This plugin manages how data are stored in DCOR. There are two types of files in DCOR:
- Resources uploaded by users, imported from figshare, or imported from a data archive
- Ancillary files that are generated upon resource creation, such as condensed DC data, preview images (see ckanext-dc_view).
This plugin implements:
-
A background job that uploads resources to S3 in after_resource_create if the resources were previously uploaded via the legacy upload route. This functionality is interesting for legacy setups that are not using S3 object storage by default.
-
Import datasets from figshare. Existing datasets on figshare are parsed, datasets are created and resources uploaded to S3 object storage. When running the following command, the "figshare-import" organization is created and the datasets listed in
figshare_dois.txt
are added to CKAN:ckan dcor-import-figshare --limit 2
-
CLI for running all background jobs (migration to S3):
ckan run-jobs-dcor-depot
-
CLI for appending a resource to a dataset
ckan append-resource /path/to/file dataset_id --delete-source
-
CLI for migrating data from block storage to an S3-compatible object storage service.

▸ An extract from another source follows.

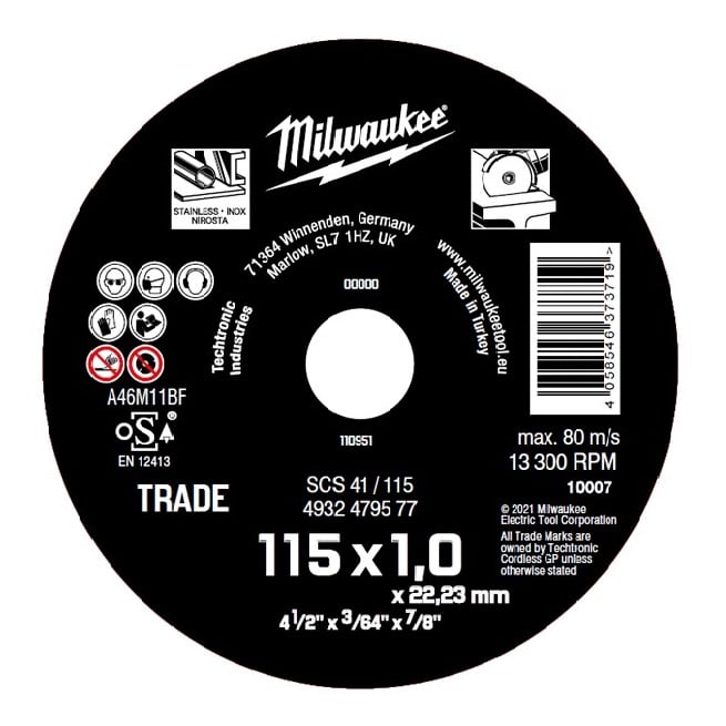 DISCO CORTE METAL TRADE 115X1.0 MM REF,4932479577 MILWAUKEE

For this, the following configuration keys must be specified in the
ckan.ini
file:dcor_object_store.access_key_id = ACCESS_KEY_ID dcor_object_store.secret_access_key = SECRET_ACCESS_KEY dcor_object_store.endpoint_url = S3_ENDPOINT_URL dcor_object_store.ssl_verify = true # The bucket name is by default defined by the circle ID. Resources # are stored in the "RES/OUR/CEID-SCHEME" in that bucket. dcor_object_store.bucket_name = circle-{organization_id}
Usage:
ckan dcor-migrate-resources-to-object-store --modified-days 2 --delete-after-migration --verify-checksum
-
CLI for listing all S3 objects for a dataset:
ckan dcor-list-s3-objects-for-dataset c7a98a04-4e0a-98a7-fb0b-eca379d1f219
-
CLI for listing all resources:
ckan list-all-resources
-
CLI for pruning stale multipart uploads:
ckan dcor-prune-stale-multipart-uploads --initiated-before-days 5 --dry-run
pip install ckanext-dcor_depot
Add this extension to the plugins and default_views in ckan.ini:
ckan.plugins = [...] dcor_depot ckan.storage_path=/data/ckan-HOSTNAME ckanext.dcor_depot.users_depot_name=users-HOSTNAME
This plugin stores resources to /data:
mkdir -p /data/depots/users-$(hostname) chown -R www-data /data/depots/users-$(hostname)
If CKAN/DCOR is installed and setup for testing, this extension can be tested with pytest:
pytest ckanext
Testing is implemented via GitHub Actions. You may also set up a local docker container with CKAN and MinIO. Take a look at the GitHub Actions workflow for more information.